そう煉獄は覚悟を決めた。振られても朝までは一緒にいられる。今度は顔を覚えていられるといいなと思いながら、宇髄の横顔を見上げた。すると宇髄の瞳も煉獄を映す。
「宇髄には最初から一目惚れだった」
煉獄の告白には驚いたようだが、宇髄は少し眉を上げただけだ。
「宇髄とは恋人になりたいという『好き』なんだ。——おれと付き合ってくれないか」
「そっか。じゃあ、そうしようか」
今度驚くのは煉獄の方だった。なんの抵抗もなくするりと受け入れられるのは何か誤解されているんじゃないかと疑った。
「宇髄、今、なんて?」
「付き合おうってことでしょ? 付き合おうよ。……ん?、だめなの?」
「いや、そうじゃない」
だよね、煉獄から言ってくれたんだしと宇髄は言って、鯨の群れが泳ぐのを眺めている。海の青に照らし出される横顔は本当に綺麗だ。
「でも宇髄はおれのことを好きなわけではないだろう。そんなにすぐに決めていいのか」
「うーん……。仲良くなれないと思ってたら家には呼んでないかな」
それにさ、と言いながら、宇髄は身体ごと少し煉獄の方へと向き直った。
「煉獄のことは良い子だなって思ってるよ。財布のこともちょっと運命的でロマンチックだしね。もっと知りたいって気持ちで付き合うのは変なことじゃない……と、俺は思ってるけど。もっと熱烈じゃないとだめ?」
煉獄は言葉が選べないまま首を横に振り続けた。
「だめじゃない。——なんか、びっくりして、」
「びっくりは、俺もしたよ」
宇髄は笑う。自分よりも全然余裕があるなと煉獄は思って、力が抜けた。両手へ顔を伏せて、ゆっくりと息を吐く。少し落ち着こうと思ったら、そのまま宇髄に肩を抱き寄せられて、ぎくりとする。
「緊張しないで。

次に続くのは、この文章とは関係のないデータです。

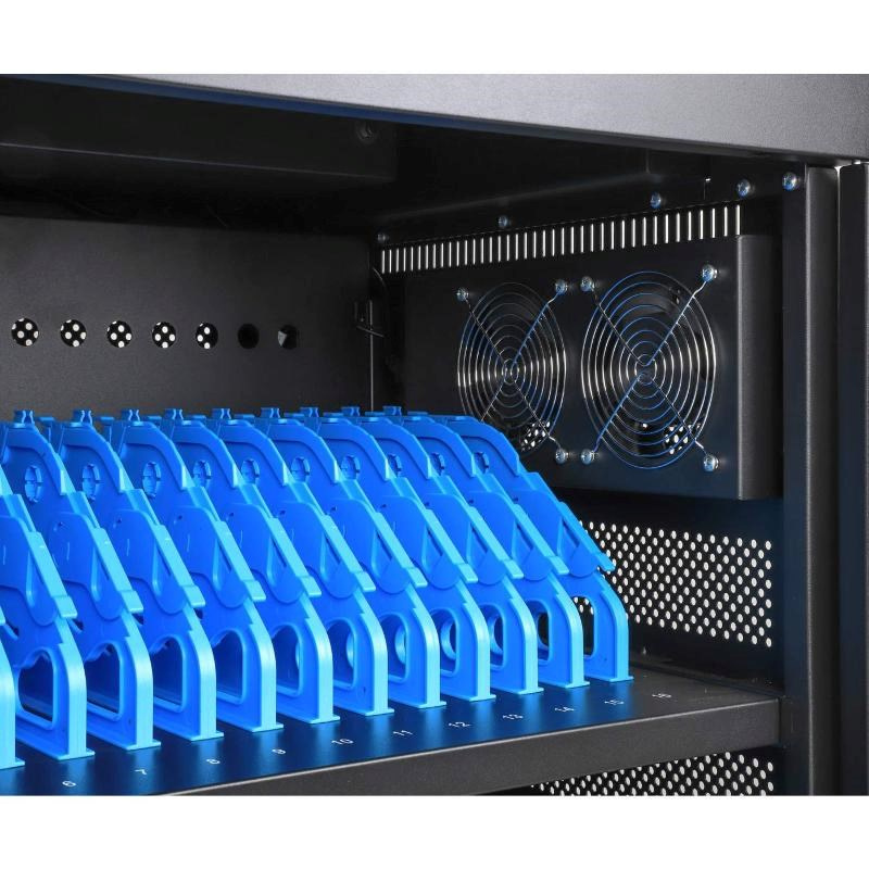 Vestavěné AC zásuvky v PDU na zadní straně jednotky usnadňují nabíjení zařízení, jako jsou notebooky, notebooky, tablety, telefony a mnoho dalších pomocí jejich napájecích adaptérů nebo nástěnných nabíječek. Správci mají pohodlný přístup přes dvířka na zadní straně jednotky, aby se mohli zapojit do zásuvek a přivést kabely k zařízením v přední části.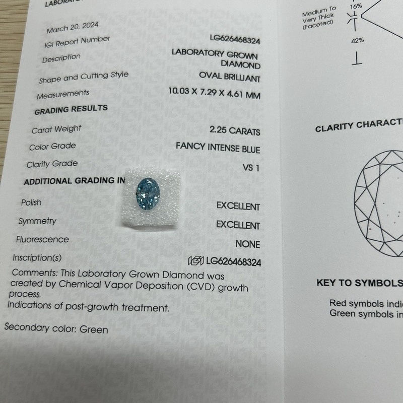 2.25ct لابراتوار رشد الماس بریده ی بیضوی CVD فانتزی شدید آبی VS1 2EX N IGI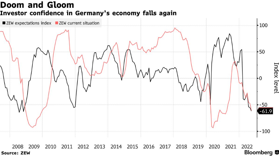 对德国经济的投资者信心,已经低于疫情低点,进一步恶化,因为担心冬季能源紧缩将引发衰退。 ZEW研究所的预期指数从上个月的-55.3下降到9月的-61.9,比经济学家的预期更糟糕。“冬季能源短缺的前景使德国工业的大部分预期变得更加负面,” ZEW主席阿希姆·瓦姆巴赫在一份声明中表示。
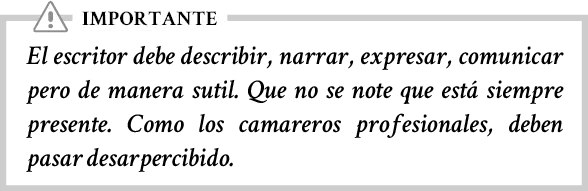 El escritor debe mantenerse al margen de sus escritos para que la atención del lector se centre en las ideas, en el lenguaje, en el discurso y no en el autor. No seremos dogmatizantes ni pontificaremos si deseamos que nos lean y aprendan de nuestras ideas y de nuestra manera de impartirlas.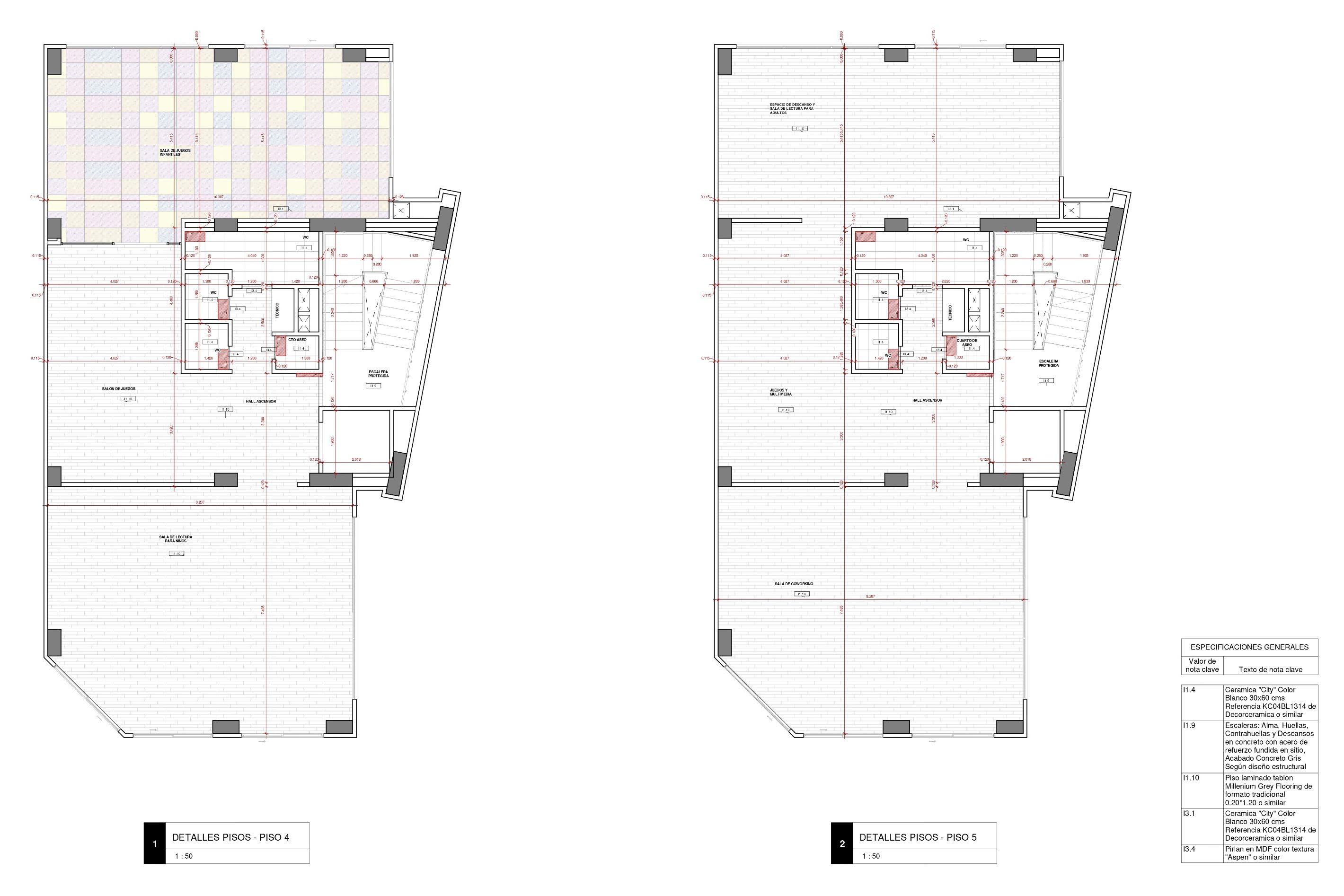 Por ultimo se realizaron los detalles de las zonas comunes del edificio como cielos rasos, suelos y escaleras. En el detalle de suelos se agrega el material asignado para cada área del proyecto con sus respectivos arranques y especificaciones. Para el trabajo del cielo raso se asignaron a los espacios que eran necesarios como baños, salas, cocinas y zonas comunes y se realizo el trabajo de detalle de cada uno con su respectiva especificación. Y para las escaleras se sacaron distintas vistas y se ajustaron a la estructura del proyecto cumpliendo con la NSR 10, se crearon los acotados de cada área de la escalera y se realizaron distintos detalles como acabados, especificaciones y accesorios.

大丈夫。何もしないから」
何かされるかもしれないと身構えた訳ではなかった。むしろ強引に何かされる方が言い訳を考える間も無くてありがたいし、嬉しいのにと思うくらいだ。けれどそんなことを考えている自分が恥ずかしい。無性に居た堪れなくて顔が上げられない。
多分宇髄は少し誤解をしているのだろう。緊張を解こうとするように肩をトントンと叩き続けていてくれた。その優しさが自分に向けられていることが泣きたくなるほど嬉しい。
次に会うための理由を考える必要はもうないのだ。